Here is a selection of excerpts from the event for your edification, with full and fairly clear audio recording below:
On Murder
Warren Ellis: I got elected to be the murder person somehow. If we're going to talk about murder, we have to talk about Mogo. Mogo was a farmer in Kenya in 1929. He was a squatter farmer which meant that he worked on the land owned by a land owner. And he had the right to raise his own livestock and build a hut along with the other squatter farmers.
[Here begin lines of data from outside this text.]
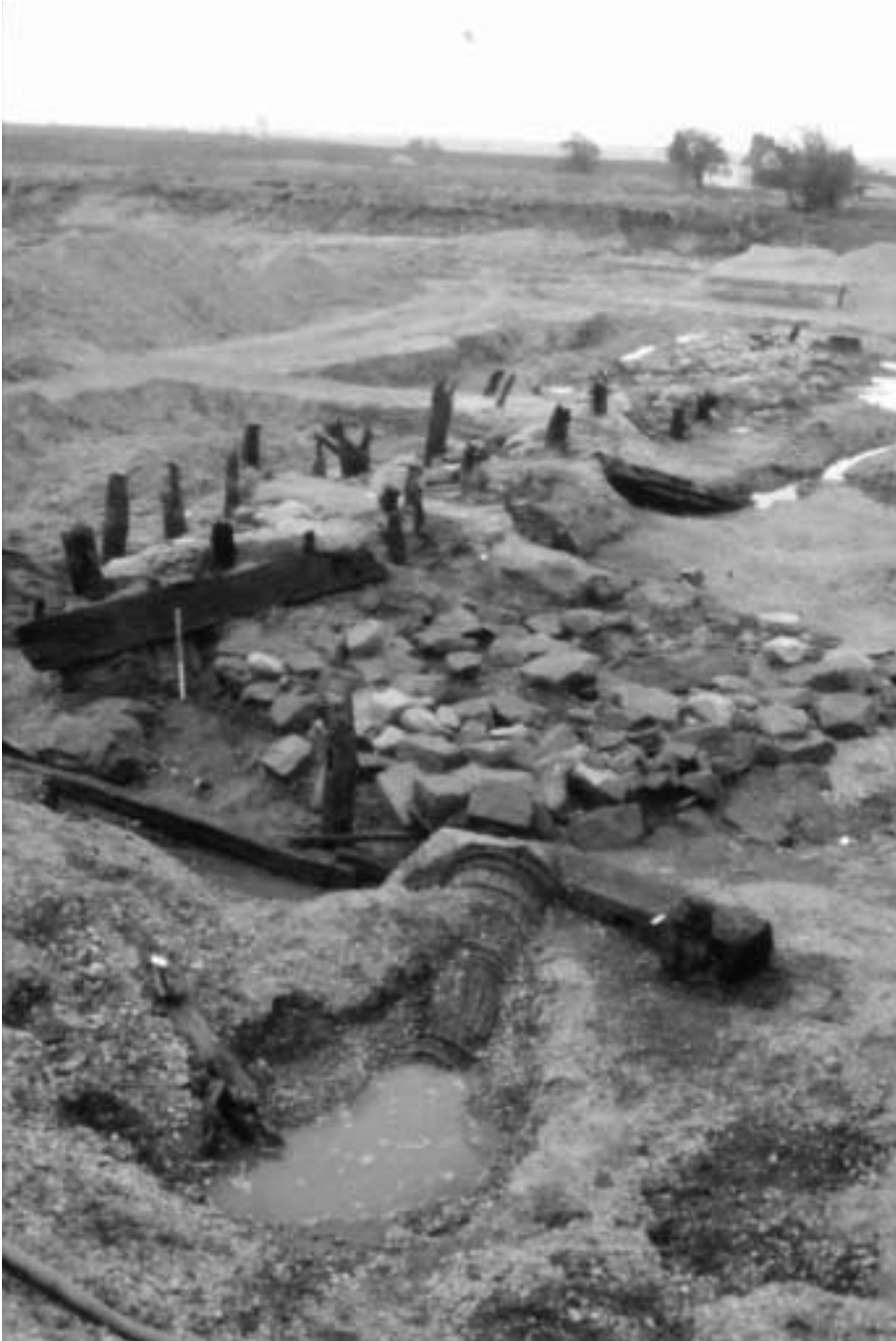
5: Structure HL12: the weir or dam with apex (centre) and partly exposed wicker fish trap in foreground. The conjectured river flow is top right to bottom left.
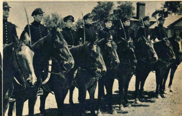
IN KANSAS the young troopers, in addition to love, find plenty of action in the bloody warfare being waged by the zealot, John Brown (Raymond Massey)
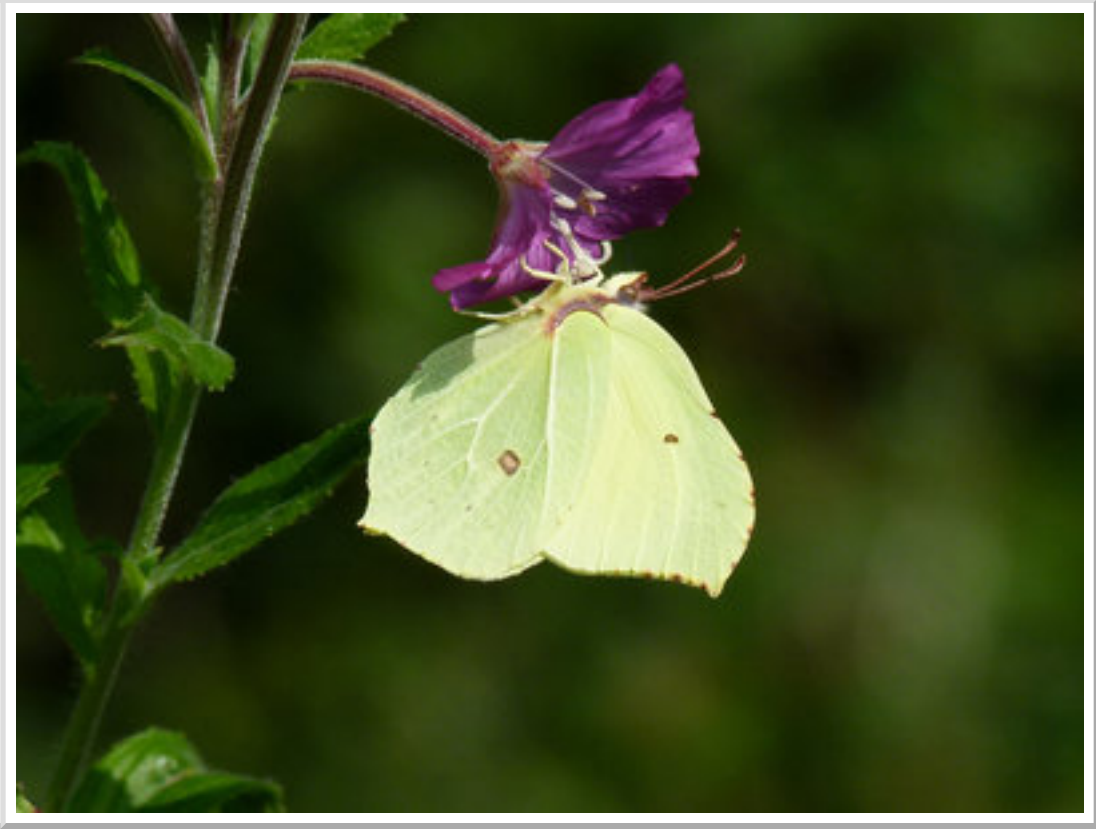
Nice to see the Brimstones in good numbers at Hamstreet.

There appeared to be a big emergence of Peacocks in Hamstreet Woods.
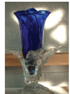
Crystal Everglade candlestick with Royal Blue flower holder
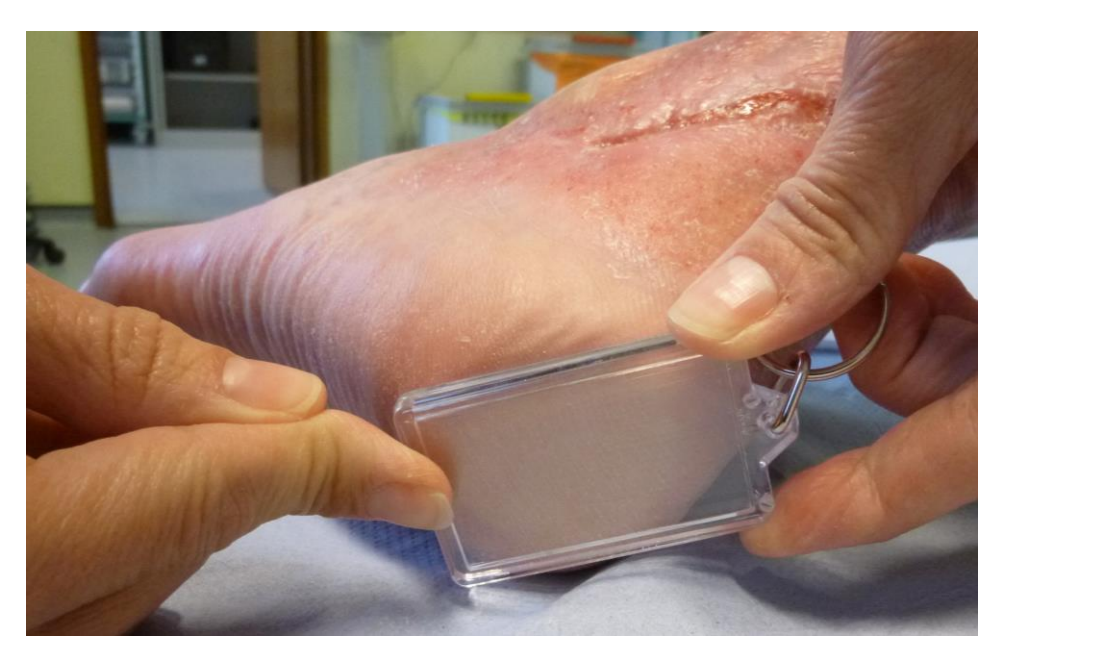
Example of skin blanch

Healthy skin may develop transient redness when subjected to pressure – for example, if the legs are crossed. To test if damage has occurred, light finger pressure should be applied to see if the skin blanches (goes white). In darker skin tones, redness may present as a darker area that is grey or purplish. This is not a pressure ulcer.
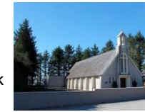
Our Lady of Perpetual Help, Direendarragh

Sunday 31 st December 2023 ~ The Holy Family
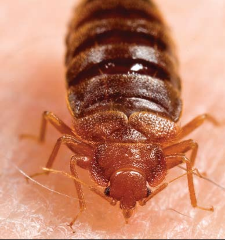
An adult bed bug, Cimex lectularius , ingesting a blood meal from a human host.

to take advantage of tools that can aid in early detection and eradication of bed bugs. Any measure that helps the employee at home will in turn help reduce the likelihood of reintroduction of bed bugs into the workplace.

And one day in 1929, Mogo had a very bad day. Because his contract was severed by the land owner because he was a wizard. Mogo was a wizard and people didn't like that…People were complaining because, after all, he was a fucking wizard…So Mogo went back to the little squatter farmer village to collect his stuff and go to the hut of the first person there who had accused him of being a wizard and killed him with a spear. And then he killed his wife with a spear, his daughter with a spear, and then nine other people with a spear. Which, of course, raised alarm. The land owner sent for the local police.
The local police arrived to find Mogo gathering up his livestock, and they said, "Mogo, you are a wizard and appear to have killed quite a lot of people". Mogo quite cheerfully showed them the corpses of the twelve people he had killed, and then he quite cheerfully turned to the land owner and demanded his severance pay before he left. Because Mogo was a murderer and murderers are all about making their lives better. This is the root of murder. We kill people because they annoy us. You look at most non-pathological murder cases, and it's about someone removing someone else from their lives who is impairing their ability to live happily. In Mogo's case, all these people had called him a fucking wizard. And, in fact, his wife wouldn't sleep with him anymore, because he was a wizard. And his daughter wouldn't give him food anymore because he was a wizard. And he knew that if he left these people alive, the rumor would have followed.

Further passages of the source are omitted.